WHAT THE EXERCISE ASKS:
Below is a listing with pictures. Repeat exactly the lines starting at the one holding "- アプリトップの「チャージ」をタップ" and going on through the one holding "Sonic的S代币是今日另一", and leave every picture out.

DATA LISTING:

.....

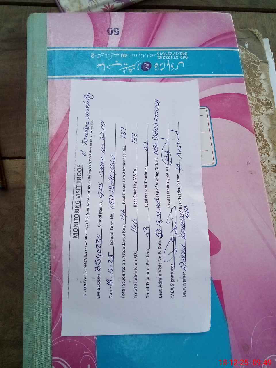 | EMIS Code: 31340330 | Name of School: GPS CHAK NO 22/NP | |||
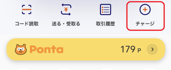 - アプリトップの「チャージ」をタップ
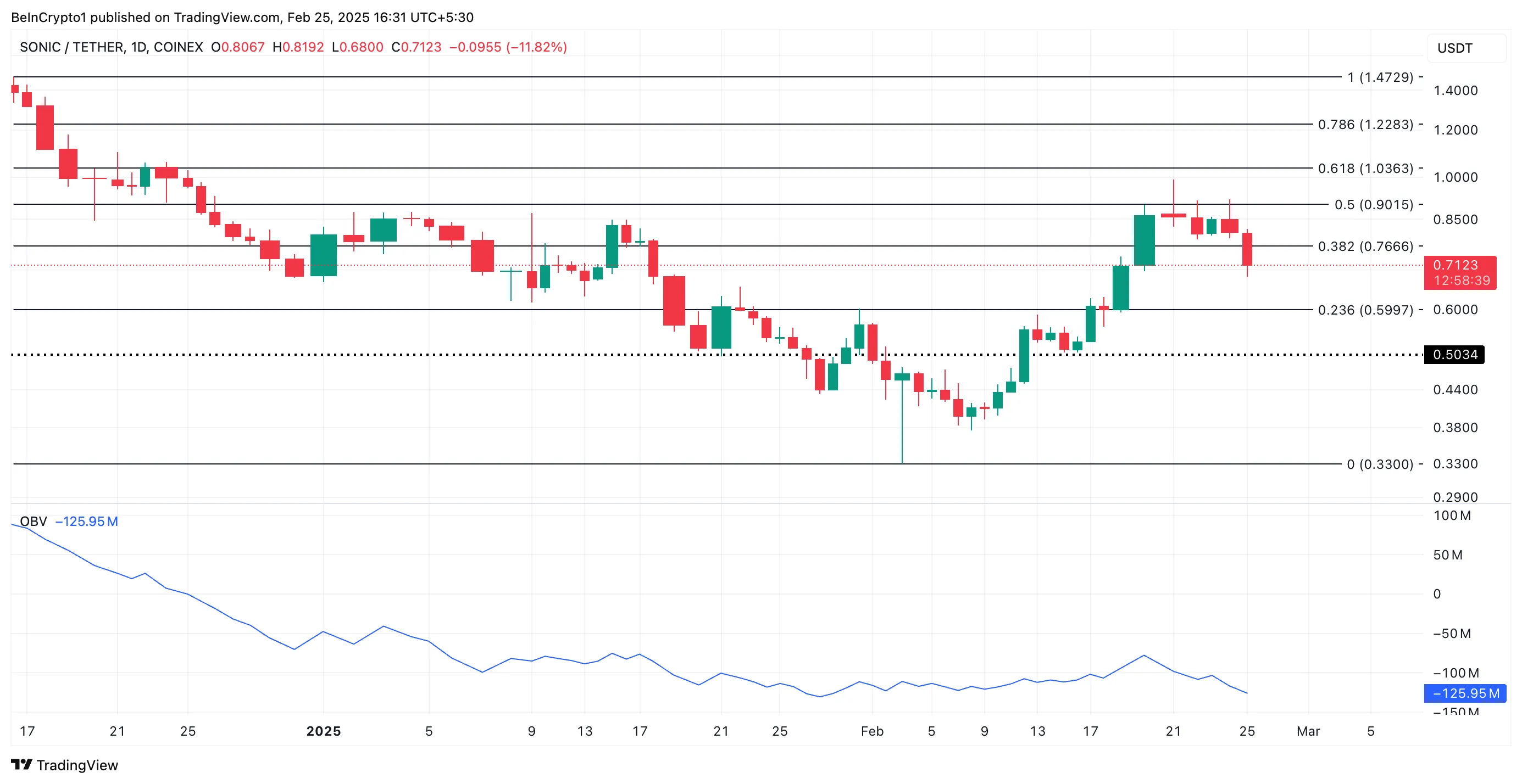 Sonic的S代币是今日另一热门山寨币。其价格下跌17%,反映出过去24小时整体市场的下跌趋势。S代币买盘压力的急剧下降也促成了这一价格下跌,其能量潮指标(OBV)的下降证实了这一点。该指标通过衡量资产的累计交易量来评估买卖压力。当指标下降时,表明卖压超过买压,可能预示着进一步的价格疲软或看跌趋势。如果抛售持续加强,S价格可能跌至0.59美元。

.....

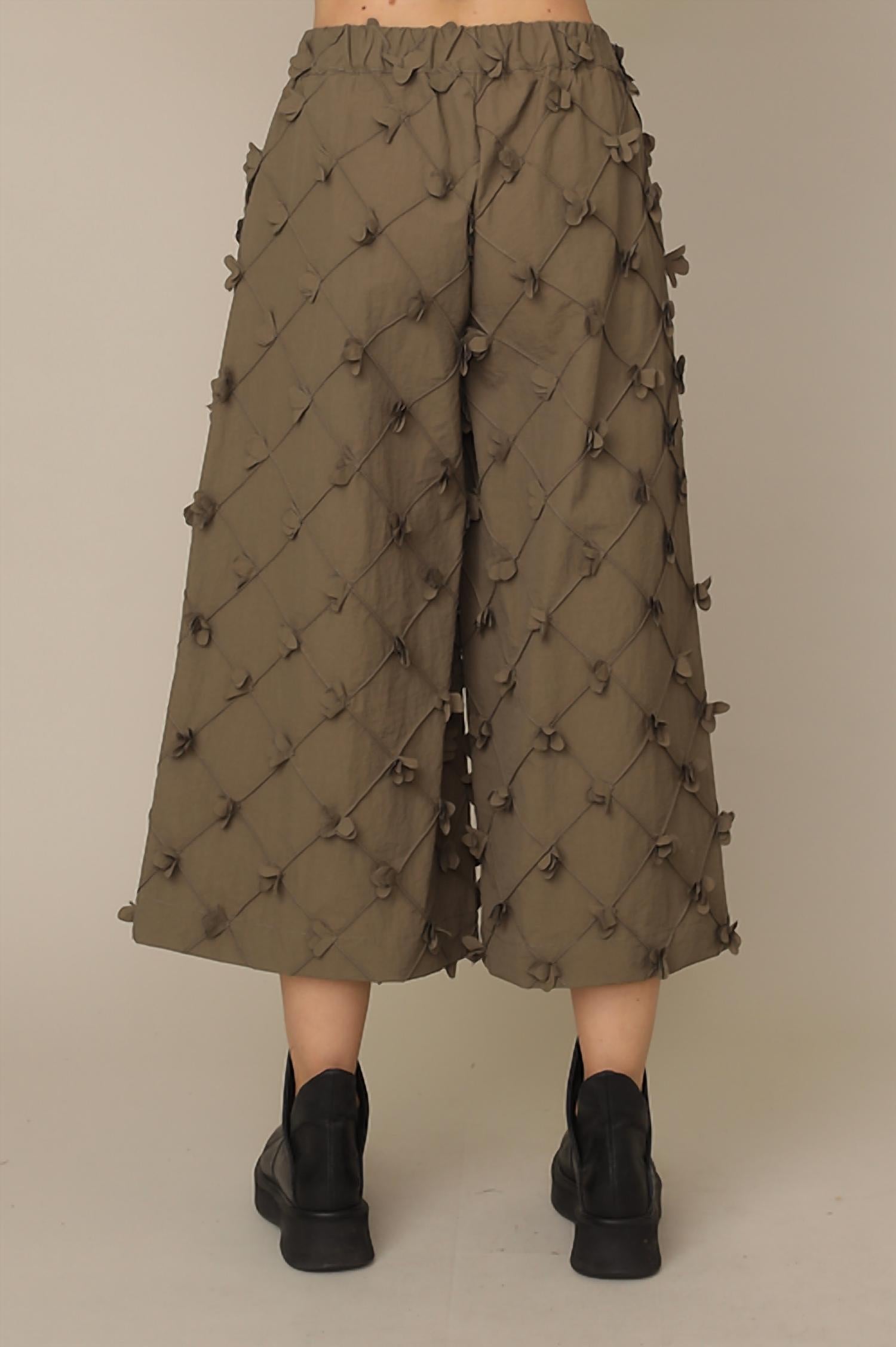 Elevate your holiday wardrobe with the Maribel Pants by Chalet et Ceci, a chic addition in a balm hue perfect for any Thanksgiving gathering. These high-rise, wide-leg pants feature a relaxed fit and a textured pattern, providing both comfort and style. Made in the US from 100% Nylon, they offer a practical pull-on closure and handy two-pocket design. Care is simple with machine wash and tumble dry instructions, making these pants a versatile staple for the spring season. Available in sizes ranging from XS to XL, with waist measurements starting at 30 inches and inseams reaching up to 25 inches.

.....

ANSWER TO THIS EXERCISE:
 - アプリトップの「チャージ」をタップ
 Sonic的S代币是今日另一热门山寨币。其价格下跌17%,反映出过去24小时整体市场的下跌趋势。S代币买盘压力的急剧下降也促成了这一价格下跌,其能量潮指标(OBV)的下降证实了这一点。该指标通过衡量资产的累计交易量来评估买卖压力。当指标下降时,表明卖压超过买压,可能预示着进一步的价格疲软或看跌趋势。如果抛售持续加强,S价格可能跌至0.59美元。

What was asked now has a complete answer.